# Minis meet the coastal sands



## Stampedeoflove (Mar 23, 2011)

Howdy. Took my two miniatures to Carolina Beach this past Sunday. They had a blast. Thought you'd enjoy the pictures and video.

Lazy Days Midnight Lightening, aka Leo, is a 27" Black pinto Stallion

Golden Meadows Heirs Dream Girl, aka Lola, is a 32.5" Palomino pinto mare

All photos are here-

Carolina Breach

Video here-



A few favorites


----------



## Kendra (Mar 23, 2011)

I LOVE the last photo! Gorgeous!


----------



## Taylor Richelle (Mar 23, 2011)

LOVE the pictures! Thank you for sharing, looks like you had fun


----------



## topnotchminis (Mar 23, 2011)

That looks like so much fun. Great pics.


----------



## Lori W (Mar 23, 2011)

Loved the video - looks like SO much fun!


----------



## miniwhinny (Mar 23, 2011)

Love that last pic...you need to edit out the halter...then it would be worth framing !


----------



## Knottymare (Mar 24, 2011)

What a fun day.

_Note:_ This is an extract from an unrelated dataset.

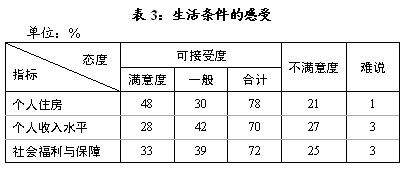 调查设定的三项指标总体满意水平相对偏低,不满水平在本项调查中居高。其中“个人收入”感受的满意度与不满意度接近,显示了民众感受的分化(见表3)。

Looks like you all had a great time. Your video was so relaxing to watch!


----------



## hobbyhorse23 (Mar 24, 2011)

miniwhinny said:


> Love that last pic...you need to edit out the halter...then it would be worth framing!

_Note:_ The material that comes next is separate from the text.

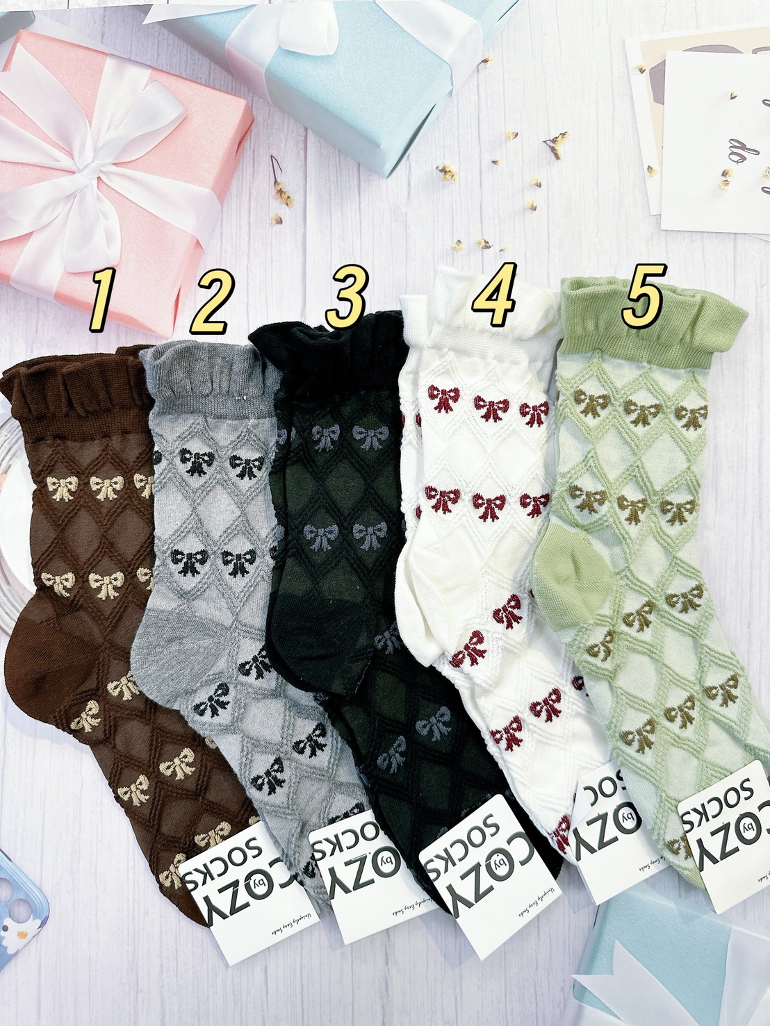 韓國製造~飄帶蝴蝶結 短襪

Like it's not worth framing now??



Those are awesome photos!! Way more artistic than the shots I've gotten of mine on the beach, wow. Professional photographer?

Leia


----------



## Stampedeoflove (Mar 24, 2011)

Thanks so much ya'll



It was FUN! Nope, not professional photos. Snapped between my Mom & myself.

Stampede Of Love


----------



## wingnut (Mar 24, 2011)

I am thoroughly jealous! To take mine to the beach (if I could even find one that allowed it) would take a 6 hour round trip and I don't think my horses would be happy to ride in the trailer for 6 hours for 30-60 minutes on the beach.

They are both lovely!!


----------



## hobbyhorse23 (Mar 25, 2011)

wingnut said:


> I am thoroughly jealous! To take mine to the beach (if I could even find one that allowed it) would take a 6 hour round trip and I don't think my horses would be happy to ride in the trailer for 6 hours for 30-60 minutes on the beach.


It's a six hour trip one way for me to meet my friends down in Oregon, and often 8-9 hours with traffic. We just stay the weekend to make it worth it!

Leia


----------



## MINI REASONS (Mar 26, 2011)

Beautiful pictures! I love them all, but my fav is the one where the guys look like they are having a man to man talk.



Very cute.


----------



## eagles ring farm (Mar 27, 2011)

Great pictures


----------